● **YOUR INSTRUCTIONS**: Your output should be the records below, word for word and picture-free.

*** LISTED RECORDS ***

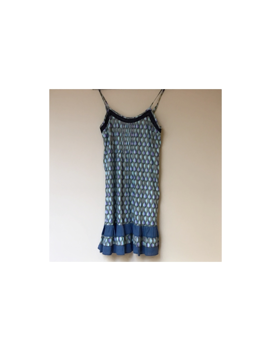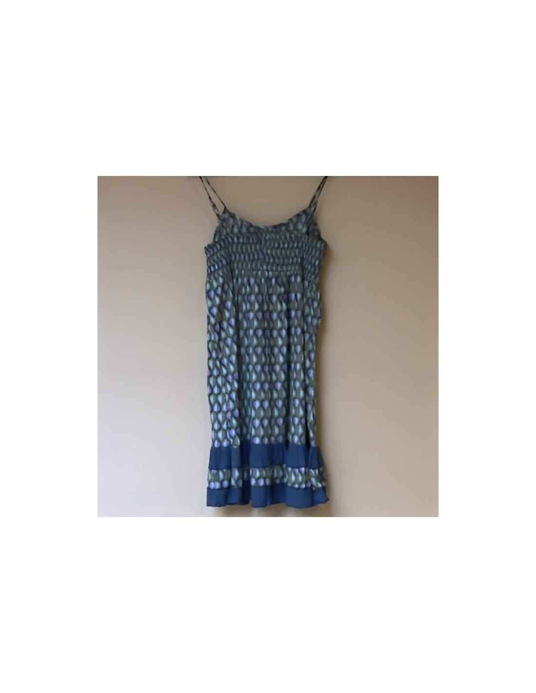 Krátké lehké letní šaty ze 100 % bavlny, na zádech stažené do gumiček se přizpůsobí postavě.
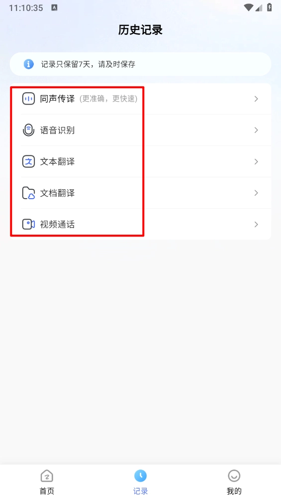 5、返回并切换到“记录”板块,就能查看对应的翻译记录,需要留意的是,记录仅保留7天时间。
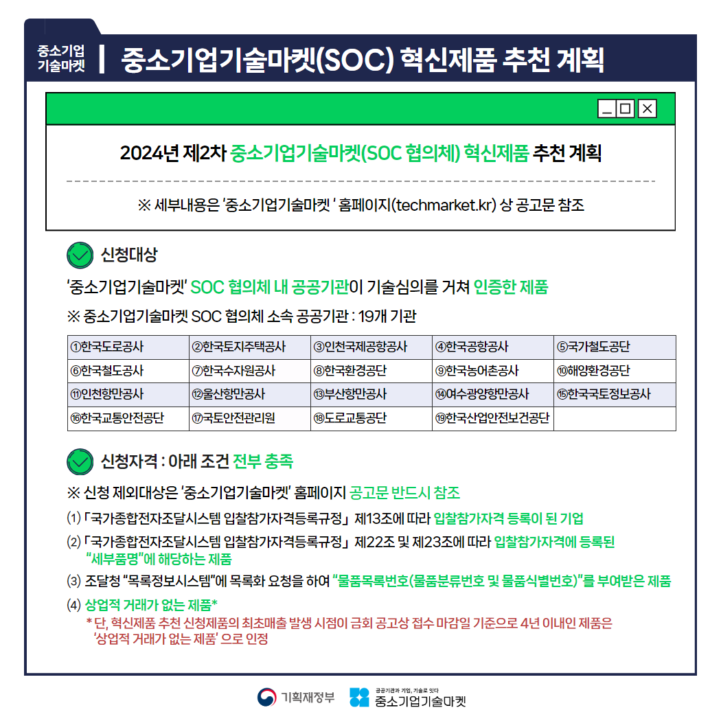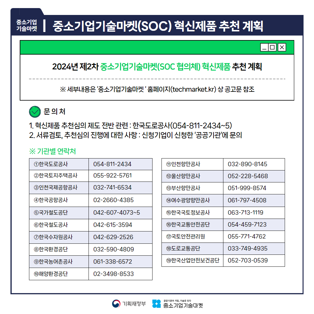 * 문의사항 : 054-811-2464(한국도로공사 기술마켓처)
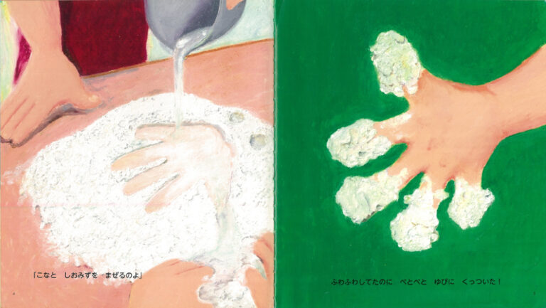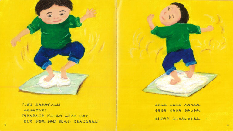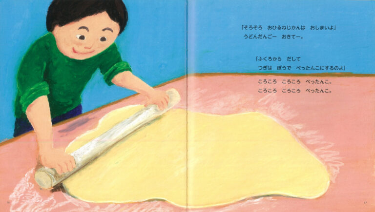 うどんの粉と塩水を混ぜるシーンでは、さらさらとした粉が塊になっていく感触が、生き生きと表現されています。「ふわふわしてたのに ぺとぺと ゆびに くっついた!」というセリフから、手ざわりの変化まで感じられるでしょう。
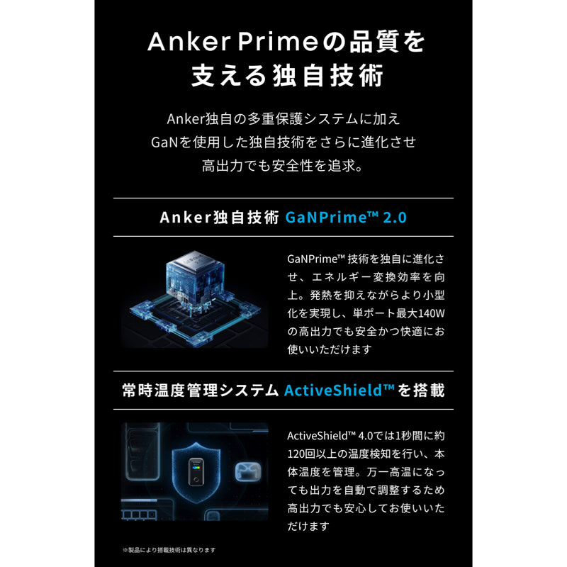 ・単ポート最大150Wでの出力はAnker プロトコルに対応したAnker Prime Power Bank (26250mAh, 300W)の充電時のみ対応します。その他の機器への最大出力は140Wになります。
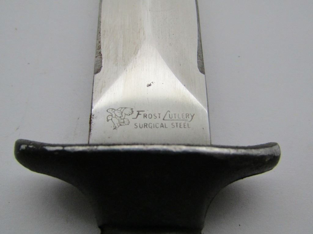 SOME SCRATCHES ON THE HANDLE BUT IN OTHERWISE GOOD CONDITION. COMES WITH SHEATH. BLADE IS 3.5" LONG.
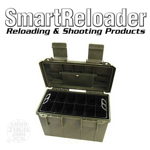 This is a SmartReloader #50 Modular Ammo Box w/ Modular Storage Trays OD Green. Our new Modular Ammo Box #50 matches exactly the .50BMG military ammo can's sizes but it is made of heavy duty plastic which improves the storage of your ammunition! You can feel free to even store the ammunition loose into the box, loaded magazines, the hard plastic walls will resist everything! And the box will carry over 70lbs. The whole structure of the can is made of Heavy Duty High-Density Polyethylene which is resistant to solvents and chemicals. Why the Ammo Can #50 is modular? Simply because we give you included for FREE three modular trays which will make your life much easier when you will need to store any kind of part into your Ammo Can #50. The inner walls of the trays can be removed according to your needs to make smaller or larger the storing spaces. And you will be able to do it on 3 different levels inside the Ammo Can #50! The Ammo Can #50 is a 100% dry box and can be locked on two sides to transport by air your ammunition or simply if you want to keep private what you are storing at home.
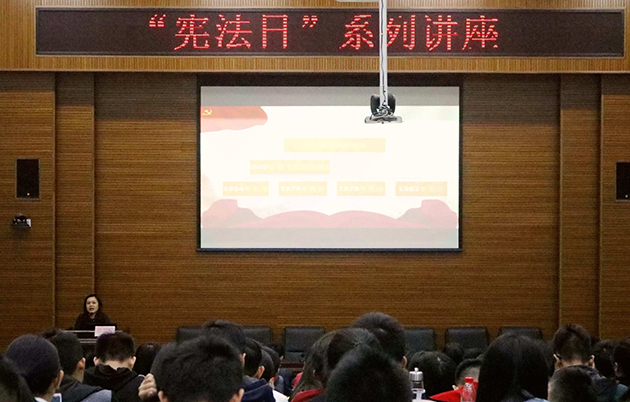 在第四个“国家宪法日”来临之际,为深入贯彻党的十九大精神,维护宪法权威,坚持中国特色社会主义法治道路,进一步增强学生法治观念,12月6日晚,我院举行“国家宪法日”讲座,500多名学生聆听了讲座。
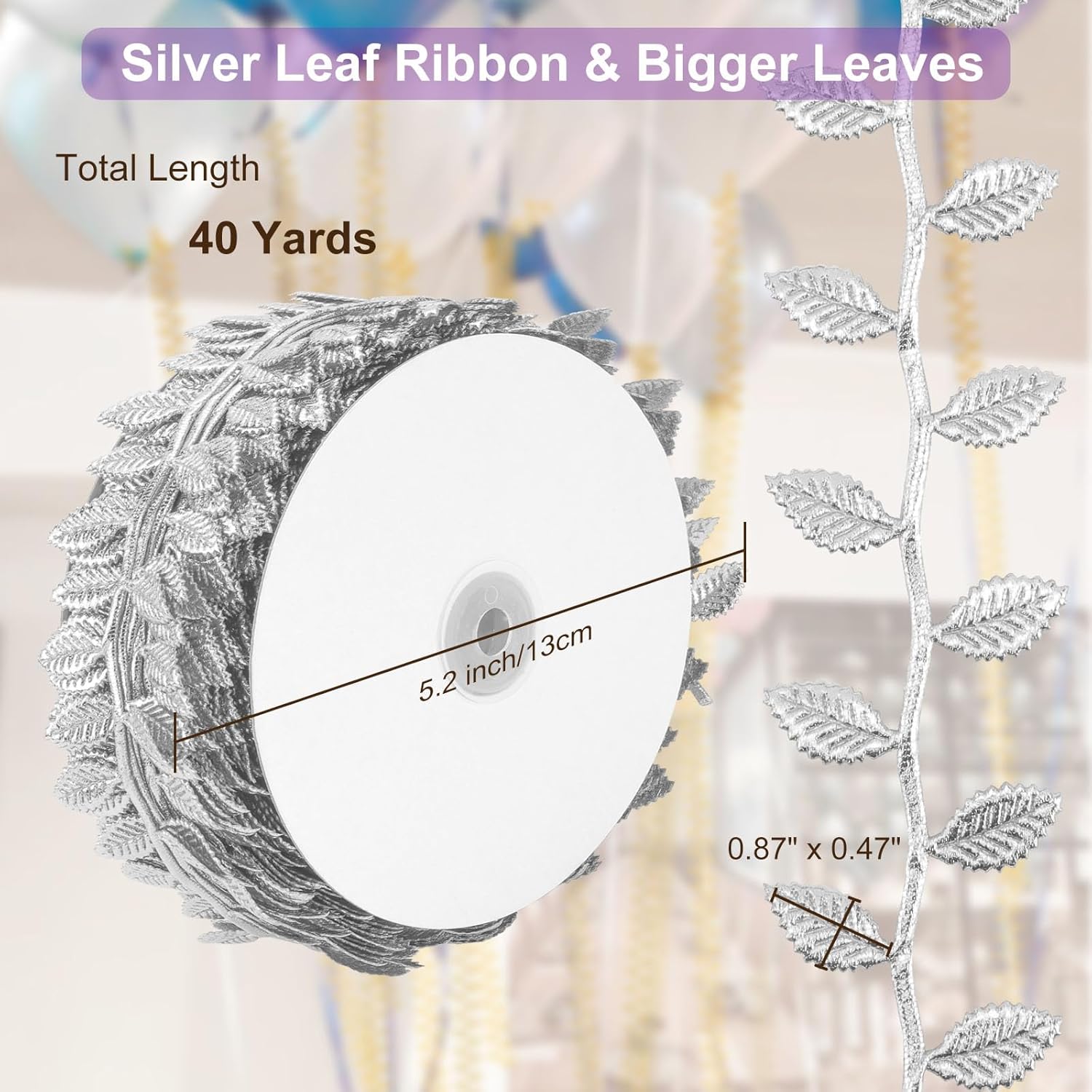 • [Fit for Multiple Occasions]: The total length of the ribbon is 40 Yards, and each leaf is 0.87"(L) x 0.47"(W). It's long enough for the needs of most occasions decoration, and you are free to cut it according to your needs. Great for baby showers, wedding, birthday party, Greek party, Christmas, Halloween, Thanksgiving, Easter, etc.
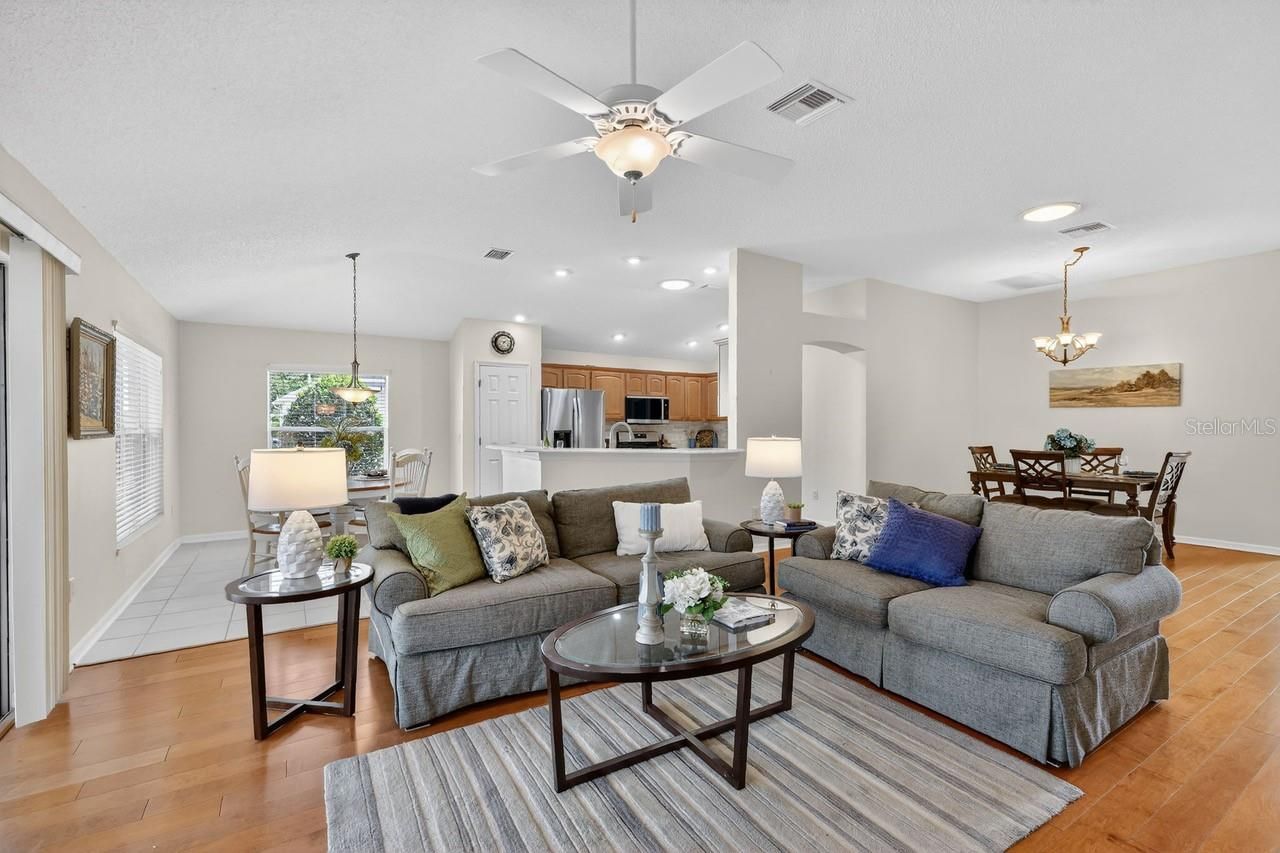 Perfectly positioned in the heart of The Villages in the Village of Sunset Pointe, this exceptional home offers the rare combination of central location, golf-cart convenience, PRIVACY, and PREMIUM VIEWS. Located just minutes by golf cart from Lake Sumter Landing, residents enjoy easy access to nightly entertainment, waterfront dining, shopping, and everyday conveniences—including ALDI—all without the need to drive. Set on an oversized 0.26-acre lot, this property stands apart from surrounding homes with no rear neighbors. The expansive setting provides exceptional privacy along with breathtaking panoramic views of the Pelican Golf Course and preserve, creating a peaceful backdrop rarely found in such a central Villages location. The thoughtfully designed home offers 3 bedrooms, 2 bathrooms, and 2,044 square feet of living space, complemented by a 3-car garage with dedicated golf cart space—a must-have for Villages living. Built in 2005 and offered with NO BOND, this home delivers both comfort and long-term value. Outdoor living is enhanced by a custom hot tub under a 36x22 foot birdcage, allowing you to relax and unwind year-round while enjoying the open views and privacy of the oversized lot—without the expense, maintenance, or insurance considerations of a full-size pool. Homes offering this combination of central location, oversized private lot, golf course and preserve views, custom hot tub, and golf-cart accessibility are increasingly rare. This is a standout opportunity to enjoy the very best of Villages living—convenient, connected, and quietly private. Many extra UPGRADES including: ROOF 2020, BRAND NEW STAINLESS STEEL APPLIANCES 2026, CUSTOM PAVERS, HARDWOOD FLOORS in main living area and master bedroom, custom cabinets and Murphy bed in guest bedroom. Inquire for a complete FEATURES list. Please view the 3D walkthrough of this exceptional home. Call today to schedule your private showing.

*** End of LISTED RECORDS ***

● **ANSWER BOX**:
 Krátké lehké letní šaty ze 100 % bavlny, na zádech stažené do gumiček se přizpůsobí postavě.
 5、返回并切换到“记录”板块,就能查看对应的翻译记录,需要留意的是,记录仅保留7天时间。
 * 문의사항 : 054-811-2464(한국도로공사 기술마켓처)
 うどんの粉と塩水を混ぜるシーンでは、さらさらとした粉が塊になっていく感触が、生き生きと表現されています。「ふわふわしてたのに ぺとぺと ゆびに くっついた!」というセリフから、手ざわりの変化まで感じられるでしょう。
 ・単ポート最大150Wでの出力はAnker プロトコルに対応したAnker Prime Power Bank (26250mAh, 300W)の充電時のみ対応します。その他の機器への最大出力は140Wになります。
 SOME SCRATCHES ON THE HANDLE BUT IN OTHERWISE GOOD CONDITION. COMES WITH SHEATH. BLADE IS 3.5" LONG.
 This is a SmartReloader #50 Modular Ammo Box w/ Modular Storage Trays OD Green. Our new Modular Ammo Box #50 matches exactly the .50BMG military ammo can's sizes but it is made of heavy duty plastic which improves the storage of your ammunition! You can feel free to even store the ammunition loose into the box, loaded magazines, the hard plastic walls will resist everything! And the box will carry over 70lbs. The whole structure of the can is made of Heavy Duty High-Density Polyethylene which is resistant to solvents and chemicals. Why the Ammo Can #50 is modular? Simply because we give you included for FREE three modular trays which will make your life much easier when you will need to store any kind of part into your Ammo Can #50. The inner walls of the trays can be removed according to your needs to make smaller or larger the storing spaces. And you will be able to do it on 3 different levels inside the Ammo Can #50! The Ammo Can #50 is a 100% dry box and can be locked on two sides to transport by air your ammunition or simply if you want to keep private what you are storing at home.
 在第四个“国家宪法日”来临之际,为深入贯彻党的十九大精神,维护宪法权威,坚持中国特色社会主义法治道路,进一步增强学生法治观念,12月6日晚,我院举行“国家宪法日”讲座,500多名学生聆听了讲座。
 • [Fit for Multiple Occasions]: The total length of the ribbon is 40 Yards, and each leaf is 0.87"(L) x 0.47"(W). It's long enough for the needs of most occasions decoration, and you are free to cut it according to your needs. Great for baby showers, wedding, birthday party, Greek party, Christmas, Halloween, Thanksgiving, Easter, etc.
 Perfectly positioned in the heart of The Villages in the Village of Sunset Pointe, this exceptional home offers the rare combination of central location, golf-cart convenience, PRIVACY, and PREMIUM VIEWS. Located just minutes by golf cart from Lake Sumter Landing, residents enjoy easy access to nightly entertainment, waterfront dining, shopping, and everyday conveniences—including ALDI—all without the need to drive. Set on an oversized 0.26-acre lot, this property stands apart from surrounding homes with no rear neighbors. The expansive setting provides exceptional privacy along with breathtaking panoramic views of the Pelican Golf Course and preserve, creating a peaceful backdrop rarely found in such a central Villages location. The thoughtfully designed home offers 3 bedrooms, 2 bathrooms, and 2,044 square feet of living space, complemented by a 3-car garage with dedicated golf cart space—a must-have for Villages living. Built in 2005 and offered with NO BOND, this home delivers both comfort and long-term value. Outdoor living is enhanced by a custom hot tub under a 36x22 foot birdcage, allowing you to relax and unwind year-round while enjoying the open views and privacy of the oversized lot—without the expense, maintenance, or insurance considerations of a full-size pool. Homes offering this combination of central location, oversized private lot, golf course and preserve views, custom hot tub, and golf-cart accessibility are increasingly rare. This is a standout opportunity to enjoy the very best of Villages living—convenient, connected, and quietly private. Many extra UPGRADES including: ROOF 2020, BRAND NEW STAINLESS STEEL APPLIANCES 2026, CUSTOM PAVERS, HARDWOOD FLOORS in main living area and master bedroom, custom cabinets and Murphy bed in guest bedroom. Inquire for a complete FEATURES list. Please view the 3D walkthrough of this exceptional home. Call today to schedule your private showing.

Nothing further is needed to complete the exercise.